It has been a while since I did a “random facts” blog entry so I guess now is a good time for another. And why not go with one which is bound to be controversial, especially if my religious followers (OK, maybe an unfortunate word there) bother to read it. Let’s go with “Random Religion Facts”. What interesting little nuggets of wisdom are in my religion random facts file? Let’s have a look and see…

Fact 1: The Catholic Church made $97 billion in 2011, according to the Wall Street Journal.

Commentary 1: While the WSJ has become a bit of a joke based on some of its material (on global warming for example) I think it can stil be trusted to get basic financial facts like this right. So I will assume the number is correct (the church does try to hide it where possible) and will supply some commentary.

In fact, considering the size of the church and the number of members it has I don’t think this is necessarily a huge number. Compare it with Apple’s latest quarterly revenue of $35 billion (giving about $140 billion for the year) to get some perspective. And there are over a billion Catholics in the world while estimates of Apple’s customer base are merely in the hundreds of millions range.

But despite these reservations the church still has a significant income and many people would quite rightly wonder whether it is using that in a genuinely productive way. Because the church’s finances are well hidden it is difficult to draw any exact conclusions but in general I would say it might be able to afford to do a little bit more helping those in need.

Fact 2: A poll of British Muslims showed 33% want to live under Sharia law and think apostates should be put to death, 68% think neighbours who insult Islam should be arrested, and 78% think the Danish cartoonists should be brought to justice.

Commentary 2: I often hear very critical commentary from the far right on the dangers of Islam and generally think the risk is exaggerated. But if this poll is accurate then they have a very good point.
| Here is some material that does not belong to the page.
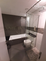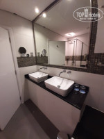 Ванная комната с санузлом в ней 2 раковины, ванная с душем и отдельно душевая кабина с тропическим душем (можно мыться 2 людям одновременно). Тут же присутствует всевозможная косметика - от мыла и шампуня, до кондиционера и лосьона для тела, все хорошего качества. Полотенец сначала не доставало на всех, но мы позвонили на ресепш (0) и оперативно всё принесли (мы просили еще халат и тапочки - в наличии в шкафу было только на 2 персоны), а также воды.
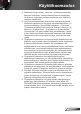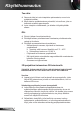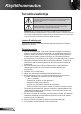 Käyttöhuomautus Silmän turvallisuusvaroitukset Suomi 6 ▀■ Vältä aina katsomasta suoraan projektorin säteeseen. Ole selin säteeseen niin paljon kuin mahdollista. ▀■ Kun projektoria käytetään luokkahuoneessa, valvo oppilaita asianmukaisesti, kun heitä pyydetään osoittamaan jotakin ruudulta. ▀■ Vähennä ympäristön hajavaloa huoneen verhoilla lampun tarvitseman virran minimoimiseksi.

Whatever the facts, I would prefer it if all religious extremism (Christian, Muslim, or whatever) was eliminated from the planet, but if these stats are accurate then I don’t think even the moderates should be tolerated.

If a third of any group think that people who disagree with them should be killed (and a much higher proportion want to suppress all criticism) then that group as a whole should be worried. If I belonged to a group (such as a political party or religion) where a significant part of the membership started believing something so abhorrent I would leave the group and work against it. That’s what all Muslims should do. Their belief system has become corrupt to its core. It’s time to abandon it.

Fact 3: Christianity grew only 5% in the US from the year 1990 to 2000, non-religion grew 110%, and Buddhism grew 170%.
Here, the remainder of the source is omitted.